● **Task requirements**
Without the pictures, output all of the data exactly.

(Stored items)
━━━━━━━━━━

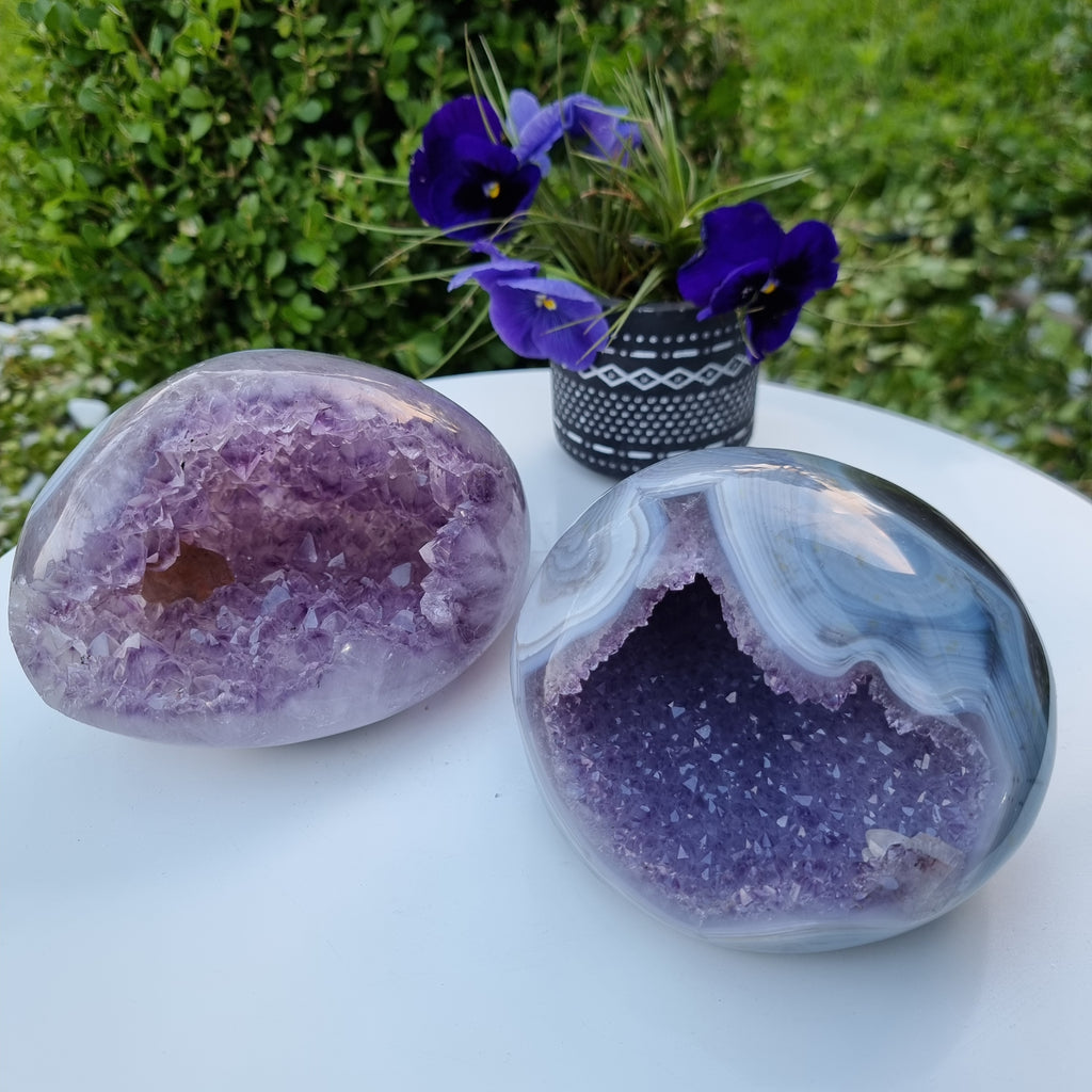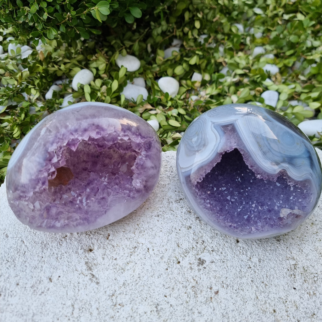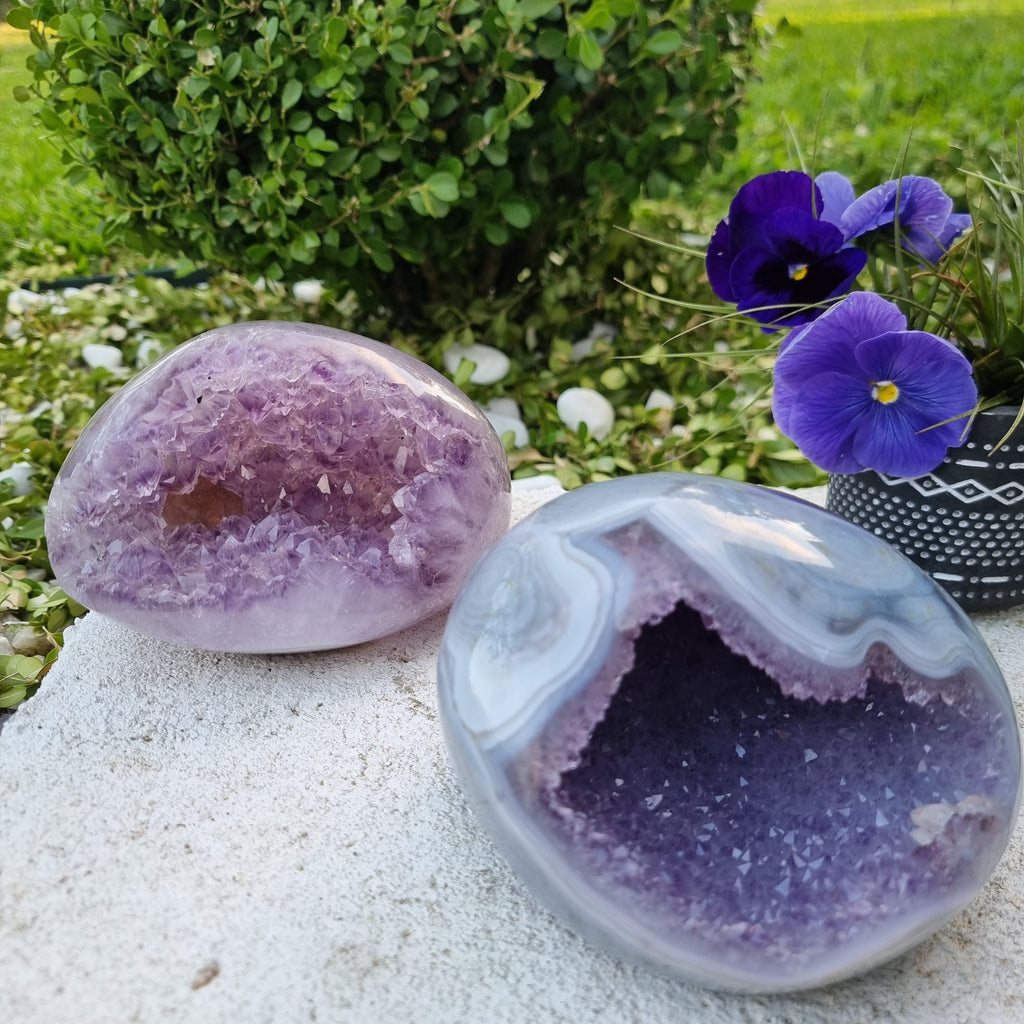 A ametista é uma das pedras mais admiradas do mundo, símbolo de proteção espiritual, equilíbrio e clareza mental. Com seu tom roxo vibrante, ela está associada à sabedoria, paz interior e transmutação energética. Usada desde a antiguidade por reis, sacerdotes e curandeiros, era considerada um amuleto contra más energias e vícios. Acredita-se que a ametista acalme a mente, reduza a ansiedade e melhore o foco, sendo ideal para meditação e ambientes de trabalho. É uma pedra ligada ao chakra coronário, favorecendo a conexão com o espiritual e a intuição. Também ajuda na limpeza energética de ambientes, afastando vibrações negativas e promovendo bem-estar. Além disso, a ametista estimula a autoconsciência e o crescimento pessoal, fortalecendo a tomada de decisões com clareza e serenidade. Seu uso em casa ou no escritório eleva a vibração do espaço e traz uma sensação constante de harmonia. Naturalmente bela e com alto valor simbólico, a ametista é perfeita tanto para joias quanto para peças decorativas com propósito energético.
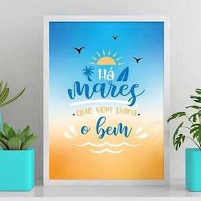 Quadro há mares que vem para o bem 33x24cm Moldura: madeira branca Informações do produto tire todas as suas dúvidas no descritivo abaixo: decoração para quarto, sala, cozinha, escritório, área gourmet e muito mais. Chega de paredes vazias medidas - cada peça tem 33x24cm a4 . Material do papel - papel fotográfico brilhante de altíssima resolução acabamento - todos os quadros são acompanhados de uma película de acetato para proteção da imagem. - os quadros são embalados de forma segura com plástico bolha com camada dupla de acordo com o tamanho dos quadros. Garantia - garantia de 3 meses. Meu quadro chegou. Como posso fixá-lo Você precisa apenas de um martelo e um prego, pois os quadros já vão acompanhados de penduradores. Esta é a forma mais indicada. Caso prefira, você pode utilizar uma fita dupla face neste caso, sugerimos de alta qualidade para evitar que descole e seu quadro caia . Como posso limpar meu quadro A limpeza é feita como um móvel comum da sua casa. Apenas um pano seco ou espanador são suficientes para tal
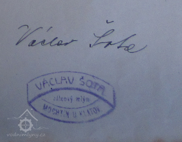 V r. 1926 převzal mlýn Václav Šota od svého otce Václava Šoty (JV)
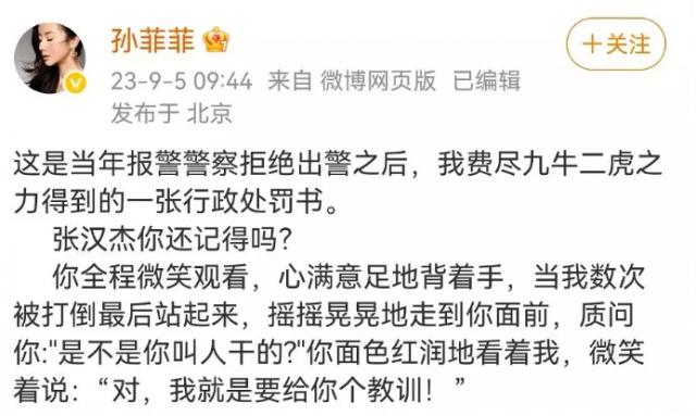 这是2011年的事,孙菲菲一再提起,很可能是被深深伤害。一个女孩在众人面前被几个男人打,换作谁都会有心理阴影,多年后想讨公道也情有可原。
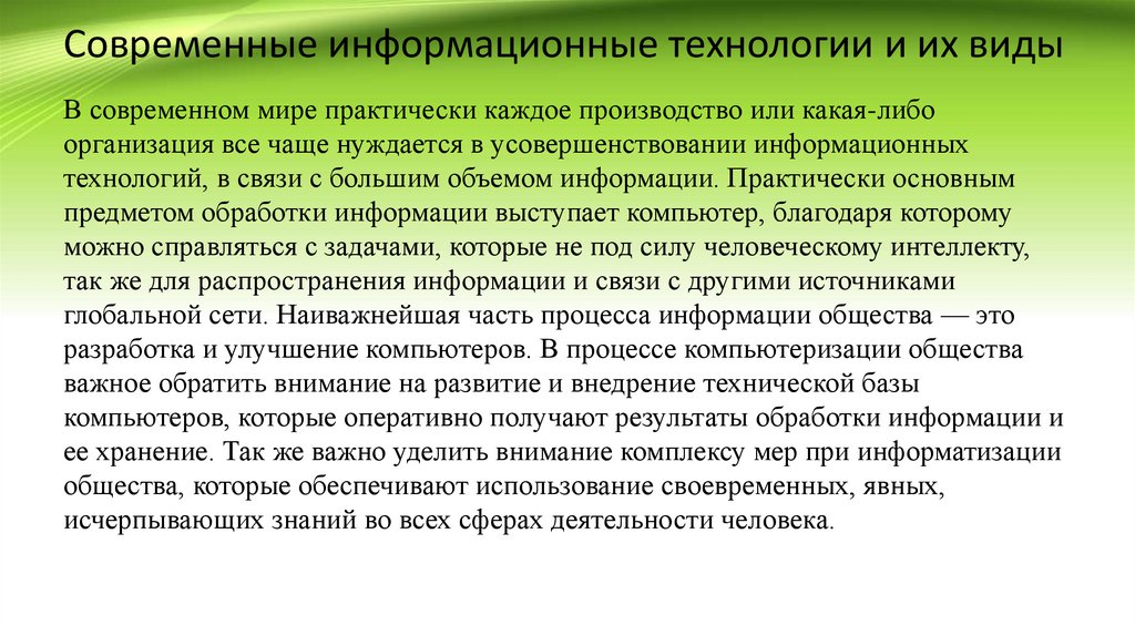 Современные информационные технологии и их видыВ современном мире практически каждое производство или какая-либо
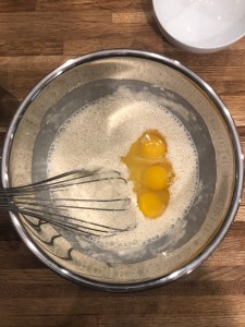 Step 3: Add in the eggs and whisk until well combined. set the batter aside until you are ready to use. You do not want to add the sparkling water until you are ready to cook!
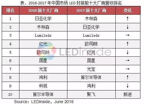 2017年中国LED封装市场前十
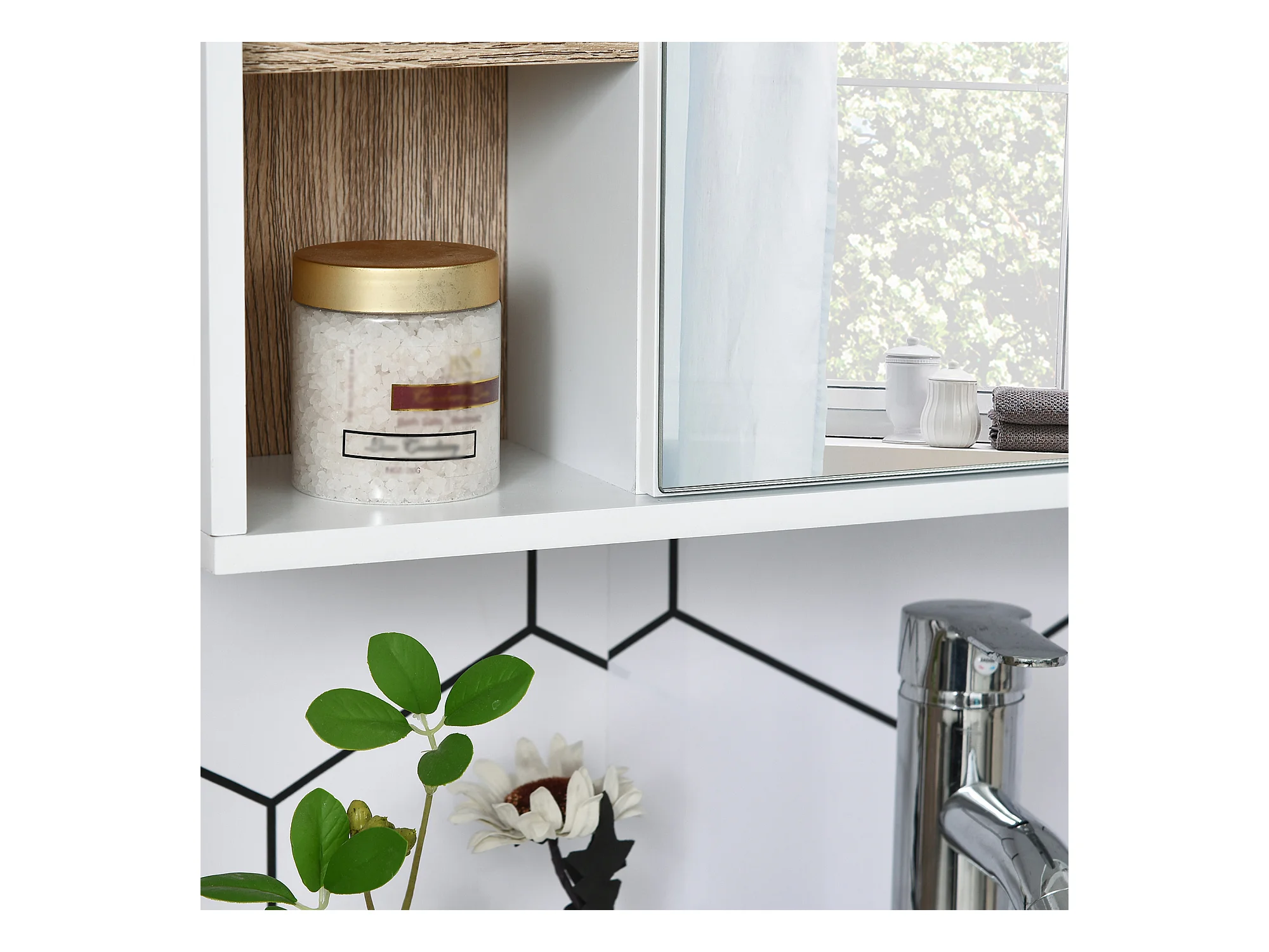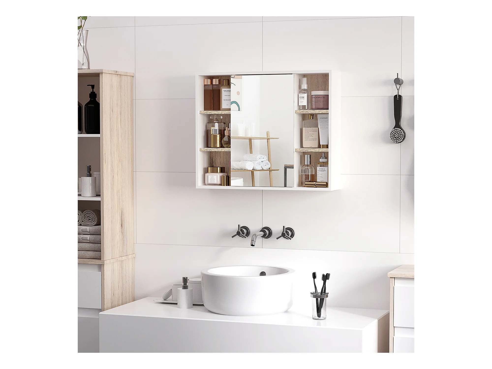 Armadietto bagno 2 ante con specchi e ripiano regolabile in mdf bianco

━━━━━━━━━━

● **Exercise solution**
 A ametista é uma das pedras mais admiradas do mundo, símbolo de proteção espiritual, equilíbrio e clareza mental. Com seu tom roxo vibrante, ela está associada à sabedoria, paz interior e transmutação energética. Usada desde a antiguidade por reis, sacerdotes e curandeiros, era considerada um amuleto contra más energias e vícios. Acredita-se que a ametista acalme a mente, reduza a ansiedade e melhore o foco, sendo ideal para meditação e ambientes de trabalho. É uma pedra ligada ao chakra coronário, favorecendo a conexão com o espiritual e a intuição. Também ajuda na limpeza energética de ambientes, afastando vibrações negativas e promovendo bem-estar. Além disso, a ametista estimula a autoconsciência e o crescimento pessoal, fortalecendo a tomada de decisões com clareza e serenidade. Seu uso em casa ou no escritório eleva a vibração do espaço e traz uma sensação constante de harmonia. Naturalmente bela e com alto valor simbólico, a ametista é perfeita tanto para joias quanto para peças decorativas com propósito energético.
 Quadro há mares que vem para o bem 33x24cm Moldura: madeira branca Informações do produto tire todas as suas dúvidas no descritivo abaixo: decoração para quarto, sala, cozinha, escritório, área gourmet e muito mais. Chega de paredes vazias medidas - cada peça tem 33x24cm a4 . Material do papel - papel fotográfico brilhante de altíssima resolução acabamento - todos os quadros são acompanhados de uma película de acetato para proteção da imagem. - os quadros são embalados de forma segura com plástico bolha com camada dupla de acordo com o tamanho dos quadros. Garantia - garantia de 3 meses. Meu quadro chegou. Como posso fixá-lo Você precisa apenas de um martelo e um prego, pois os quadros já vão acompanhados de penduradores. Esta é a forma mais indicada. Caso prefira, você pode utilizar uma fita dupla face neste caso, sugerimos de alta qualidade para evitar que descole e seu quadro caia . Como posso limpar meu quadro A limpeza é feita como um móvel comum da sua casa. Apenas um pano seco ou espanador são suficientes para tal
 V r. 1926 převzal mlýn Václav Šota od svého otce Václava Šoty (JV)
 这是2011年的事,孙菲菲一再提起,很可能是被深深伤害。一个女孩在众人面前被几个男人打,换作谁都会有心理阴影,多年后想讨公道也情有可原。
 Современные информационные технологии и их видыВ современном мире практически каждое производство или какая-либо
 Step 3: Add in the eggs and whisk until well combined. set the batter aside until you are ready to use. You do not want to add the sparkling water until you are ready to cook!
 2017年中国LED封装市场前十
 Armadietto bagno 2 ante con specchi e ripiano regolabile in mdf bianco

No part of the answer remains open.